**Your goal**
The lines to transcribe begin with the one containing "Intox Cypermethrin 0.25%" and end with the last line below; reproduce them exactly, without the pictures.

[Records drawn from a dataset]
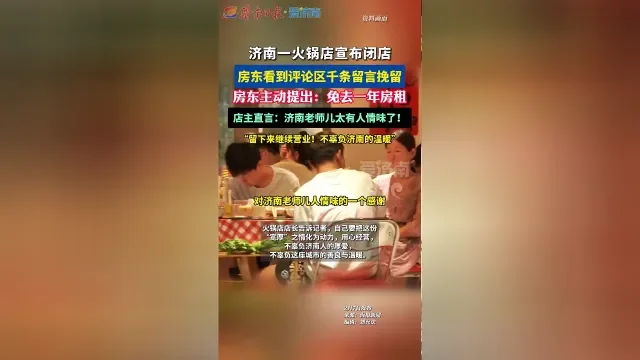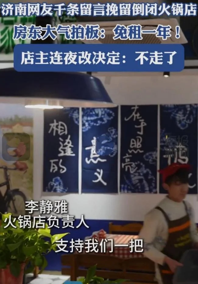 你见过被网友“骂”着不让倒闭的店吗?就在刚刚过去的24小时,济南宽厚里上演了一幕现实版的“双向奔赴”。一家默默无闻的火锅店,因为发了一张闭店通知,意外引爆全网泪点,上千条留言刷屏挽留,更神奇的是,连高冷的房东都被感动,直接拍板:一年房租免了!这究竟是怎样的一家神仙店铺,竟能换来整座城的温柔托举? 故事的开头,是无数餐饮人的辛酸。这家开了五年的老店,因为成本上涨、客流波动,账本实在算不过来,老板含泪贴出了闭店告示,准备默默退场。本以为是一次无人问津的告别,没想到却戳中了无数老饕的泪腺。评论区瞬间炸锅,上千条留言像潮水般涌来:“从小吃到大,你关了我上哪吃去?”“老板别走,以后我每周都来照顾生意!”这些滚烫的文字,不再是简单的消费评价,而是一座城市对烟火气的深情挽留。 而这股暖流,恰恰被房东大哥刷到了。这位在宽厚里拥有多处房产的“包租公”,平日里与租客保持着礼貌的距离,但这一次,他破例了。看着满屏的不舍与支持,他做出了一个让所有人意想不到的决定——免除该店一年房租!十几万甚至几十万的租金说免就免,这不仅仅是雪中送炭,更是一种格局的体现。正如房东所言:“能被这么多人挽留的店,一定有它的价值。留住诚信的租客,比收一年房租更划算。” 这一波神反转,直接把老板整破防了。接到电话时,他愣在原地,半晌说不出话。原本以为是终点,没想到却是新生。连夜,他撤下了闭店通知,换上了“本店存活中”的招牌,斩钉截铁地宣布:“不走了!”这三个字,重若千钧,它承载着网友的期待,房东的善意,更承载着这座城市独有的宽厚与温情。 但这还没完,网友们的行动力才是最强的后盾。消息传出后,无数人自发前往打卡,用脚投票,用胃支持。原本冷清的店面重新排起了长队,热气腾腾的火锅里,煮的不再是简单的食材,而是人与人之间最纯粹的善意与信任。 有人说,这是现实版的童话。但在我看来,这正是商业最本真的模样。当一家店用心对待顾客,顾客自然会用真心回馈;当房东懂得体谅租客的不易,这份情谊便会转化为更长久的稳定与信任。这不仅仅是一次免租,更是一次关于“信任投资”的共赢。 在这个快节奏的时代,我们习惯了冰冷的契约和无情的优胜劣汰。但济南的这个故事告诉我们,温情从未走远。它藏在老顾客的回忆里,藏在房东的大气里,更藏在那口翻滚的红油锅底里。 你身边有这样充满人情味的“宝藏店铺”吗?你愿意为一份情怀和味道,去支持一家陷入困境的小店吗?
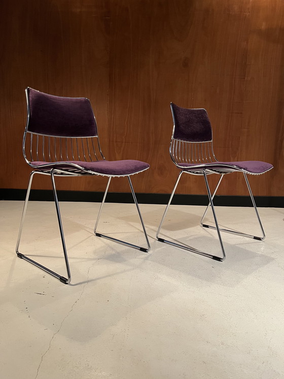 Retro space age pop design, office chair, dining room chair, film shoot, advertising decor, purple
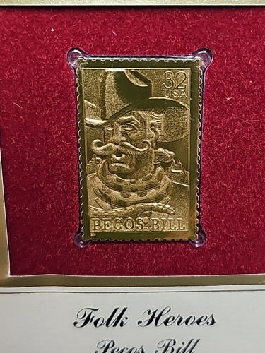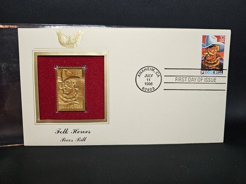 UP FOR SALE: Folk Heroes Pecos Bill July 11, 1996 1st Day Issue USPS 22KT Gold Stamp Set Anaheim CA
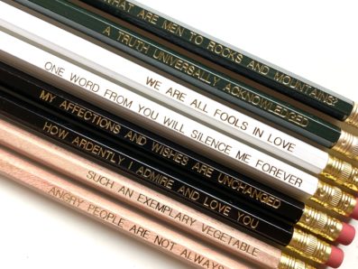 New pencils make me so happy and excited-like first day of school excited! All the possibilities just waiting to be written down. But now combine my love of romance novels with these great tropes AND new unsharpened pencils and I’m just dying! These are too beautiful to use! I have them all in a cup next to my computer and they make me smile. I may sharpen them one day but for now these are works of art in my mind. I’ve given these as gifts to so many people and all have been amazed by them. Thanks for sharing your talents.
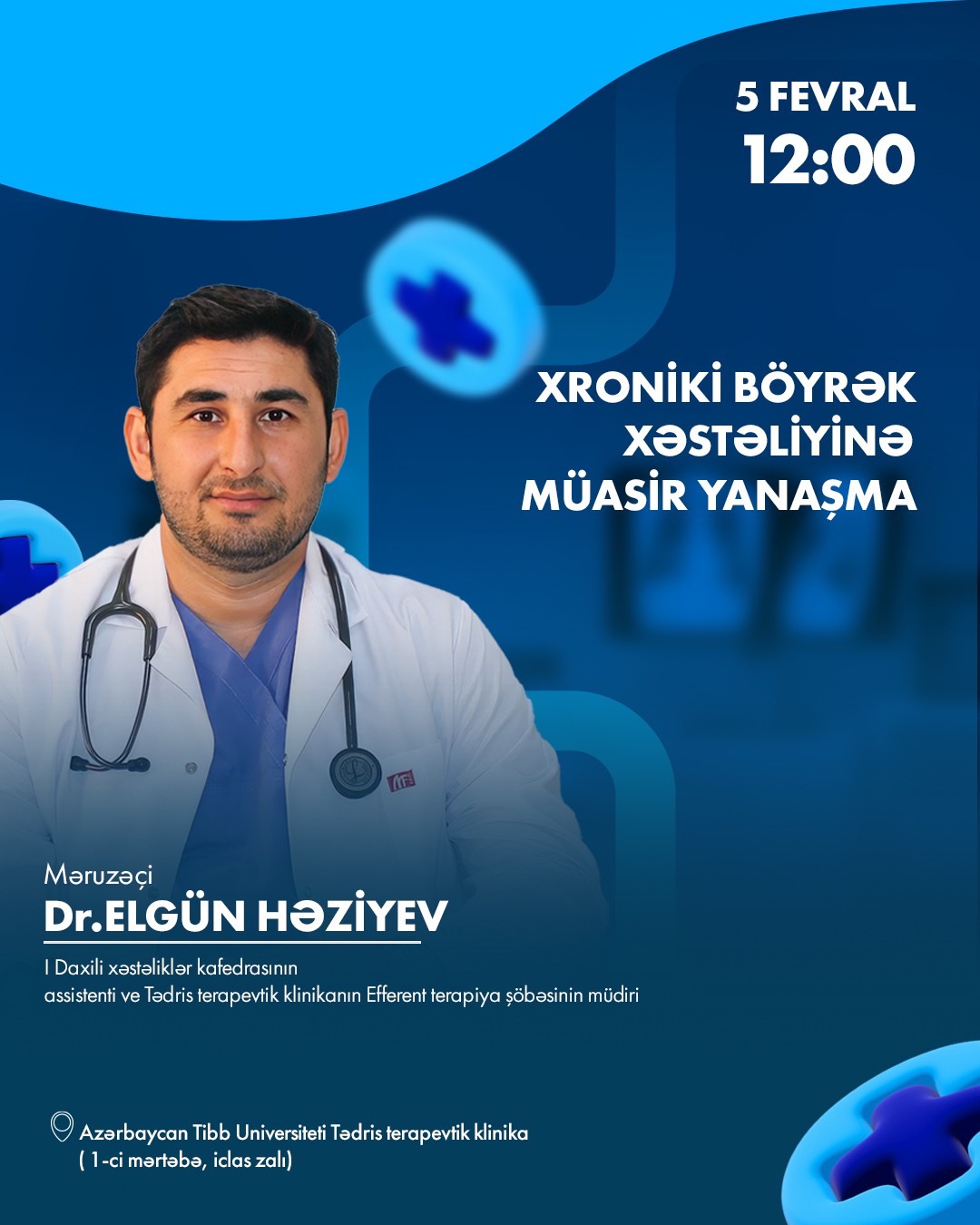 5 fevral 12:00-da ATU-nun Tədris Terapevtik Klinikasında “Xroniki böyrək xəstəliyinə müasir yanaşma” mövzusunda seminar keçiriləcək
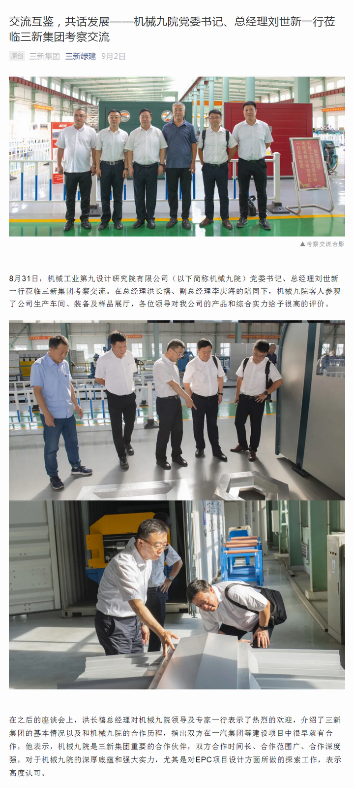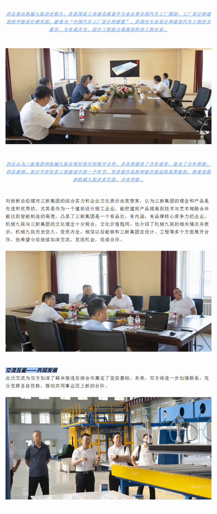 交流互鑒,共話發(fā)展——機(jī)械九院黨委書(shū)記、總經(jīng)理劉世新一行蒞臨三新集團(tuán)考察交流
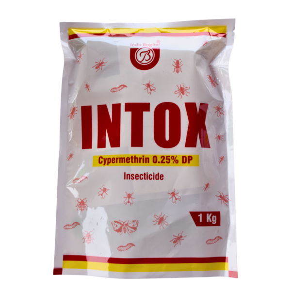 Intox Cypermethrin 0.25% DP (Dusting Powder) is a broad-spectrum, synthetic pyrethroid insecticide used for controlling crawling and chewing insects in agriculture, stored grains, and households. It acts via contact and stomach poison, causing paralysis in pests like termites, ants, cockroaches, and fruit borers. It offers rapid knockdown and long-lasting residual protection, typically applied at 20–25 kg per hectare.
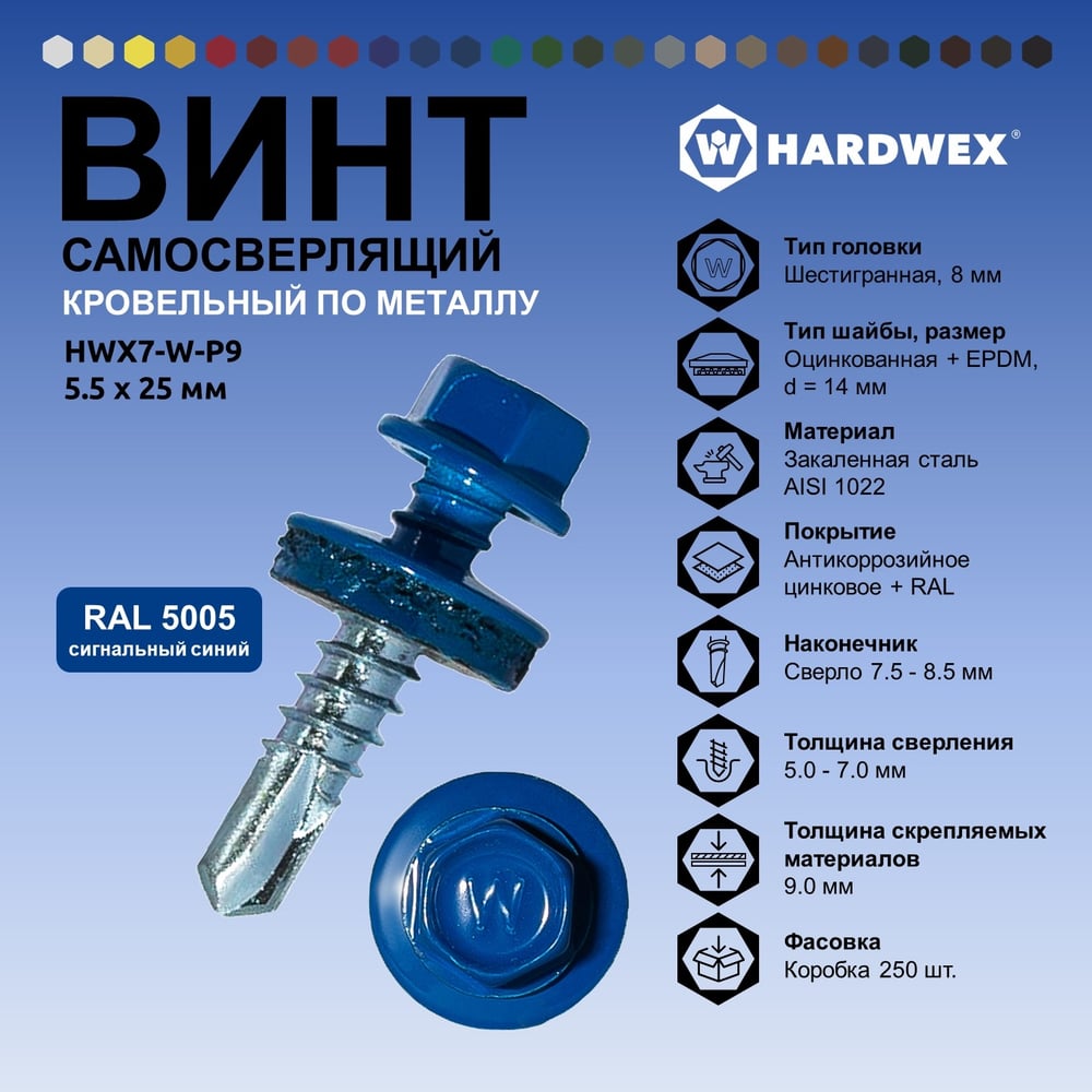 Саморез кровельный по металлу HARDWEX ТМ HWX7-W-P9-5.5x25 мм, св.№3, RAL 5005, 250 шт. 5190000023897
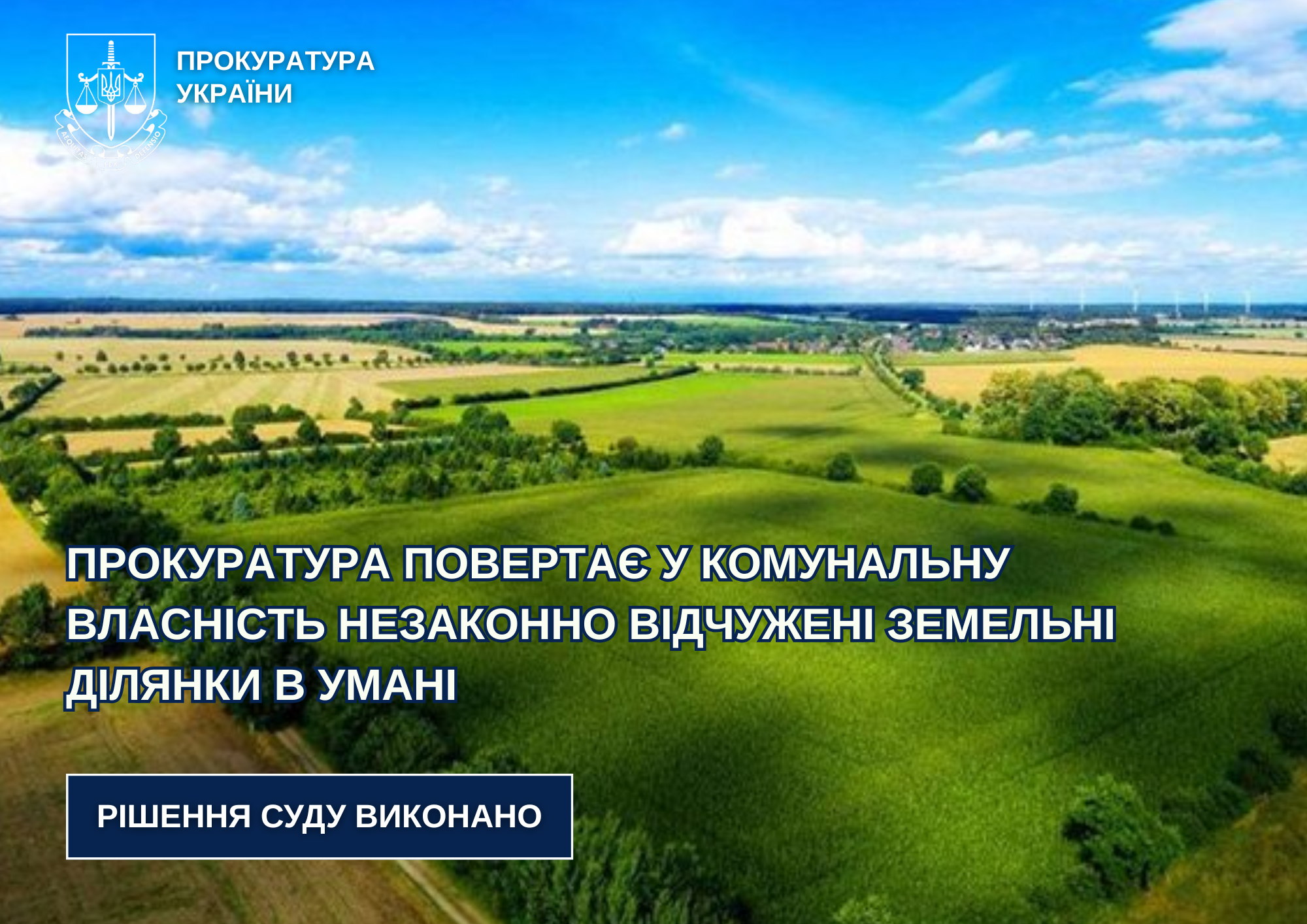 Прокуратура продовжує інформувати про результати реагування на факти незаконного вибуття низки земельних ділянок із комунальної власності територіальної громади м. Умані. Йдеться про отримання громадянами у приватну власність земельних ділянок за підробленими державними актами, розташованих поблизу історичного та культурного центру міста.

**Completed exercise**
 Intox Cypermethrin 0.25% DP (Dusting Powder) is a broad-spectrum, synthetic pyrethroid insecticide used for controlling crawling and chewing insects in agriculture, stored grains, and households. It acts via contact and stomach poison, causing paralysis in pests like termites, ants, cockroaches, and fruit borers. It offers rapid knockdown and long-lasting residual protection, typically applied at 20–25 kg per hectare.
 Саморез кровельный по металлу HARDWEX ТМ HWX7-W-P9-5.5x25 мм, св.№3, RAL 5005, 250 шт. 5190000023897
 Прокуратура продовжує інформувати про результати реагування на факти незаконного вибуття низки земельних ділянок із комунальної власності територіальної громади м. Умані. Йдеться про отримання громадянами у приватну власність земельних ділянок за підробленими державними актами, розташованих поблизу історичного та культурного центру міста.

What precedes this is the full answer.